Specifically, the setup is done by the rack_resiliency_for_mgmt_nodes.yml
Ansible playbook in the
csm-config-management
Version Control Service (VCS)
repository.
If Rack Resiliency is not enabled, then this playbook will do nothing. See Enabling Rack Resiliency for details on how it is enabled.
There are two setup flows – one for setting up Kubernetes, and one for setting up Ceph.
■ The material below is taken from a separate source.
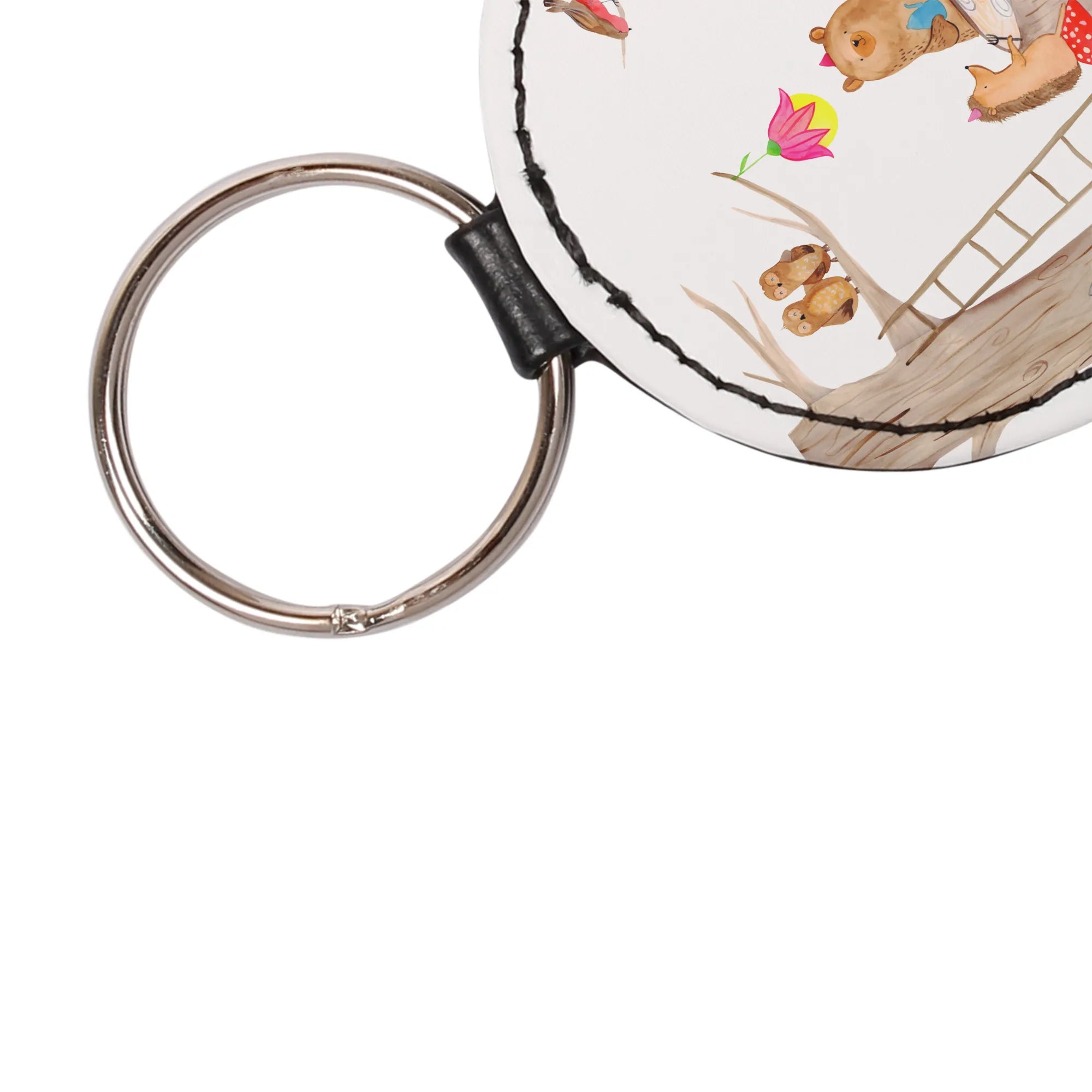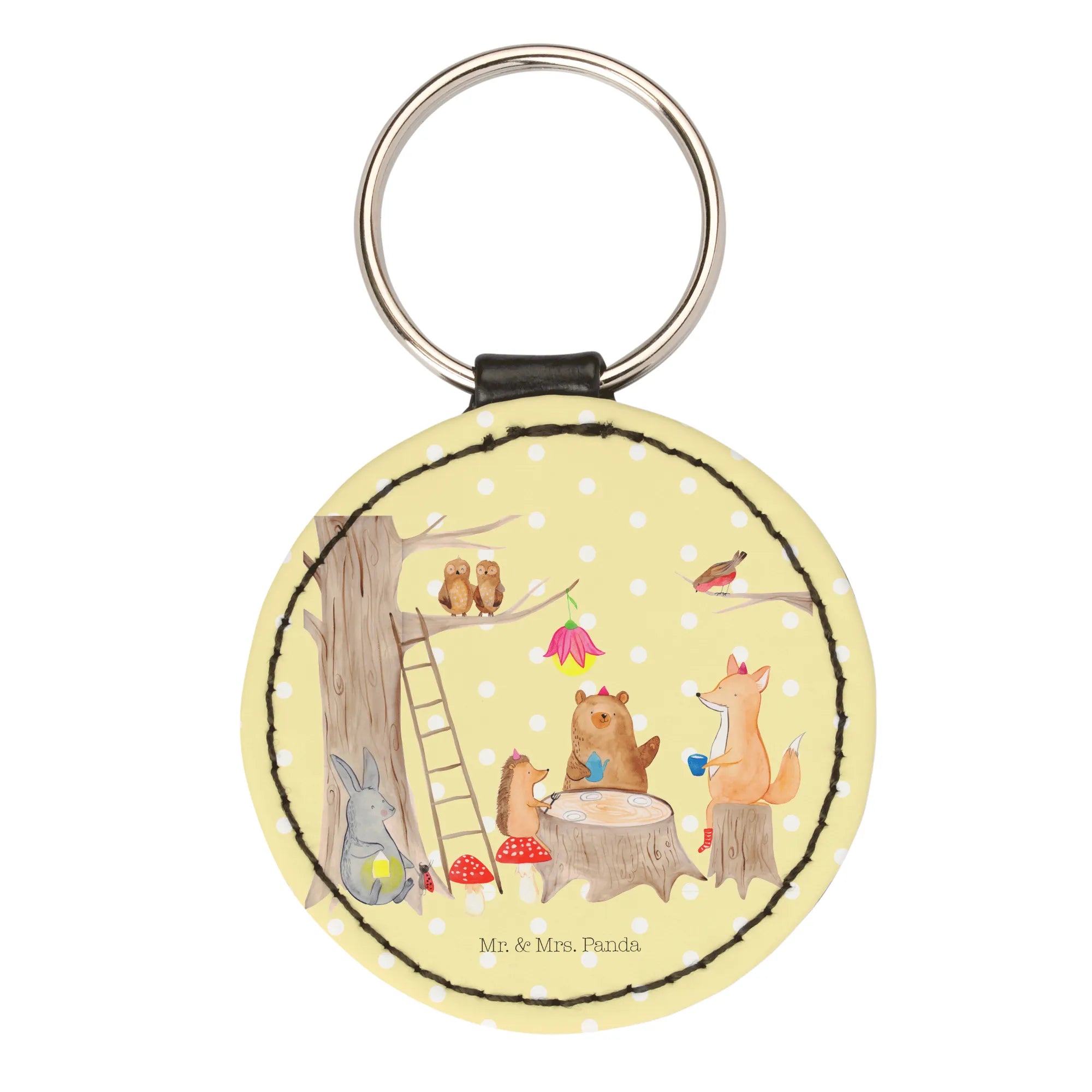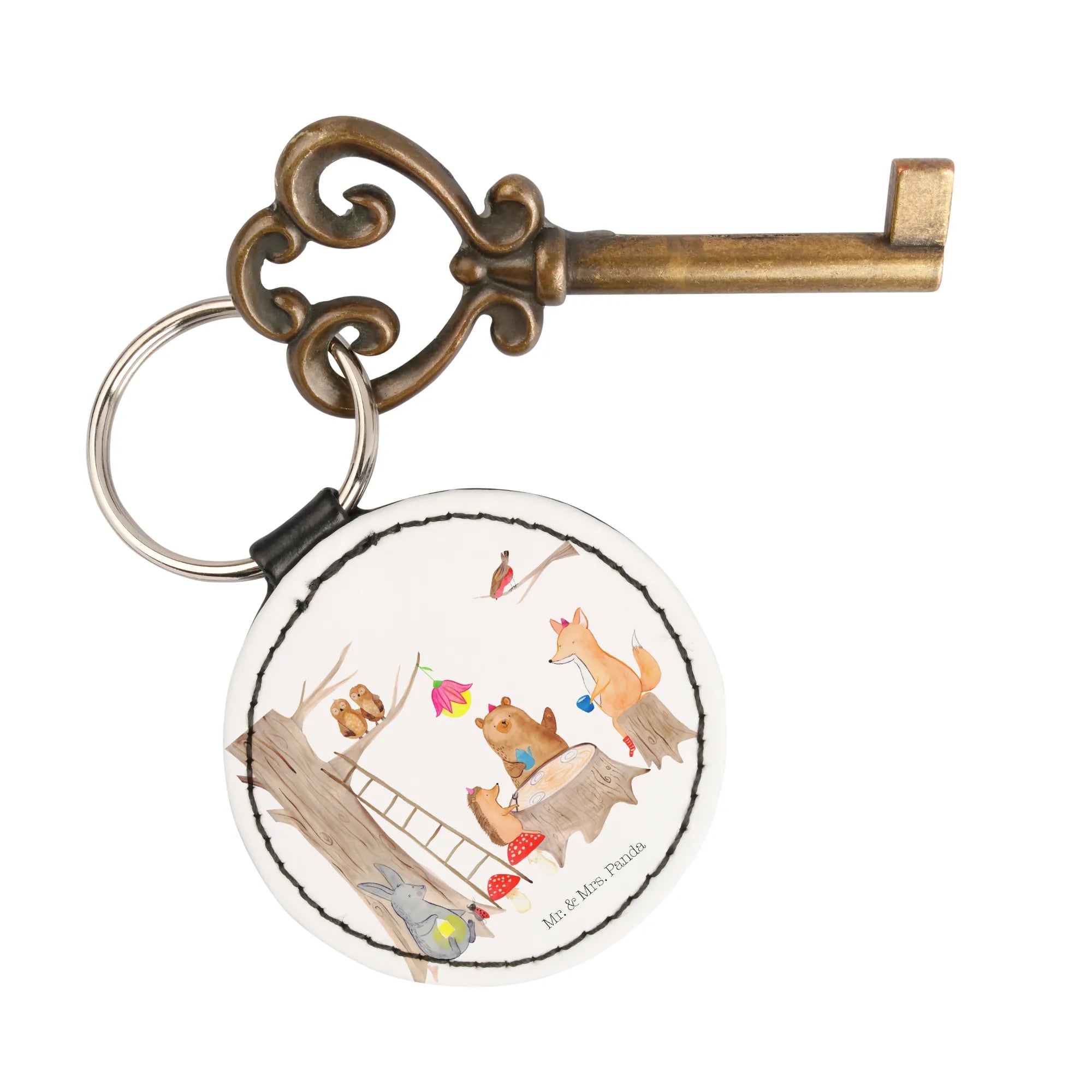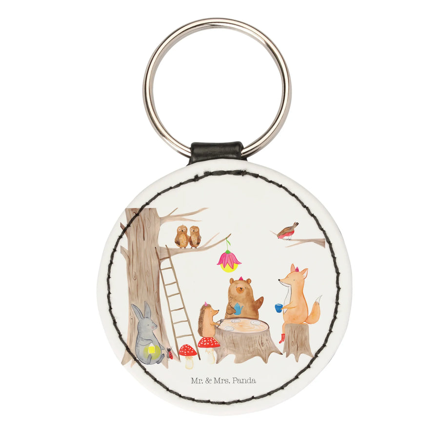 Rund Schlüsselanhänger Waldtiere Picknick - Weiß

There are some shared preparation steps, but the actual configuration steps differ.
Stage | Ansible role |
---|---|
Verify enablement | csm.rr.check_enablement |
Placement discovery | csm.rr.mgmt_nodes_placement_discovery |
Placement validation | csm.rr.mgmt_nodes_placement_validation |
Stage | Ansible role |
---|---|
Kubernetes zoning | csm.rr.k8s_topology_zoning |
Stage | Ansible role |
---|---|
Ceph zoning | csm.rr.ceph_zoning |
Ceph HAproxy configuration | csm.rr.ceph_haproxy |
The below stages are preparatory steps to setup Kubernetes and Ceph for Rack Resiliency.
This Ansible role verifies that Rack Resiliency is enabled in customizations.yaml
.
If it is not enabled, then the RR setup is skipped.
This Ansible role identifies the physical racks and locates the management nodes in it. The Hardware State Manager (HSM) is queried for information on all of the management NCNs. This information is used to create a mapping between the xnames of the management NCNs and the xnames of the physical racks that contain them.
The System Layout Service (SLS) is used to map these management node xnames to the corresponding Kubernetes and storage node names. This mapping of rack xnames to Kubernetes and storage node hostnames is stored in the below format as a JSON file to be consumed by the Kubernetes and Ceph zoning modules later.
Example of JSON file containing rack to management NCN hostname mapping:
{
"x3000": [
"ncn-m001",
"ncn-w001",
"ncn-w004",
"ncn-w007",
"ncn-s001"
],
"x3001": [
"ncn-m002",
"ncn-w002",
"ncn-w006",
"ncn-w005",
"ncn-w008",
"ncn-s003"
],
"x3002": [
"ncn-m003",
"ncn-w003",
"ncn-w009",
"ncn-s002",
"ncn-s004"
]
}
This Ansible role uses the discovery results from Placement discovery and validates whether the current placement meets the required criteria for enabling rack resiliency.
The placement validation algorithm, as shown in the flow chart above, decides whether the current placement of management nodes is suitable for enabling rack resiliency. If it is found that the current placement is not suitable for rack resiliency, the validation fails.
This module also evaluates if managed nodes are present in the management rack and informational messages are generated for the same.
Note: Slingshot switch placement discovery and validation is not included in this process.
The below stage is used to setup Kubernetes zones.
This Ansible role uses the discovery results from Placement discovery and applies Kubernetes zoning for master and worker nodes. For more information, see Kubernetes zones.
The below stages are used to setup the Ceph zones and update Ceph HAproxy configuration.
This Ansible role uses the discovery results from Placement discovery and applies Ceph zoning for storage nodes. Along with creating zones for Ceph storage nodes, zones for the Ceph services are also created. For more information, see Ceph zones.
This Ansible role updates Ceph HAproxy configuration with latest information after performing
Ceph zoning. It also updates ceph.conf
with latest configuration, on all storage nodes.